Minister of Natural Resources Bill Mauro cited public safety (human-bear conflicts) and hunting as tourism as the reasons for expanding the hunt, which concluded a two-year, limited area pilot this spring. This comes following two years of Mauro claiming a spring bear hunt was only about reducing human-bear conflicts.
The hunt was cancelled in 1999 due to evidence that many cubs were being orphaned and environmental concerns over the use of bait to draw bears to a kill site. It should be noted that the fall hunt of bears has continued without fail since that time, and will continue presently.
But within days of the announcement that the government intends to expand the hunt to all of Northern Ontario for five years, massive criticism from surprising sources arose.

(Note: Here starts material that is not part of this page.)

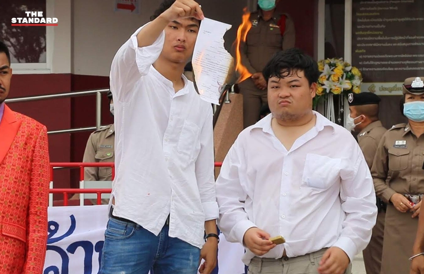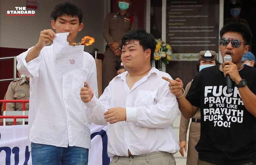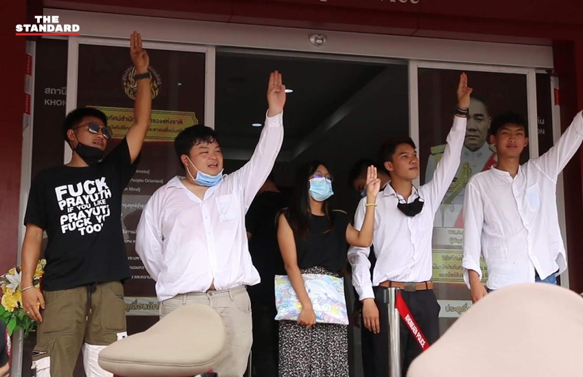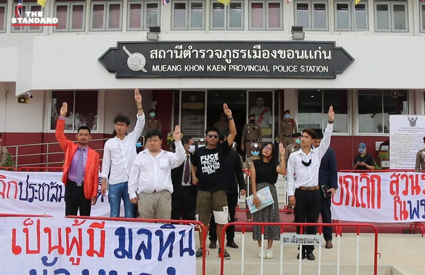 วันนี้ (10 กันยายน) ที่สถานีตำรวจภูธร (สภ.) เมืองขอนแก่น จตุภัทร์ บุญภัทรรักษา หรือ ไผ่ ดาวดิน พร้อมด้วย ปิยดา มาเทียน หรือ เฟรม, ธนภณ เดิมทำรัมย์ หรือ อาร์ตยุ่น, วชิรวิทย์ เทศศรีเมือง หรือ เซฟ, พริษฐ์ ชิวารักษ์ หรือ เพนกวิน และ ปติวัฒน์ สาหร่ายแย้ม หรือ หมอลำเเบงก์ เดินทางเข้ารายงานตัวตามหมายเรียกของสภ.เมืองขอนแก่น โดยก่อนการรายงานตัวนั้น พริษฐ์ หรือ เพนกวิน แกนนำสหภาพนักเรียน นิสิต นักศึกษาแห่งประเทศไทย ได้เผาหมายเรียกของเจ้าหน้าที่ตำรวจ เพื่อแสดงออกถึงการกดขี่ ความไม่ยุติธรรมในการแจ้งข้อกล่าวหา ที่ใช้ พ.ร.ก. ฉุกเฉิน มาควบคุมสิทธิเสรีภาพของประชาชน

The Northern Policy Institute – a conservative organization bent on pursuing economic growth in the less accessible parts of Ontario – has again stated that the return of the spring bear hunt would be beneficial for the economy, but would have no impact on human-bear conflict. This is echoed by provincial data and a committee that studied the issue prior to the last pilot-project launching.
And the province’s Environmental Commissioner’s annual report, coincidentally released within days of the province’s plan to expand the spring bear hunt, reamed the province for the spring bear hunt.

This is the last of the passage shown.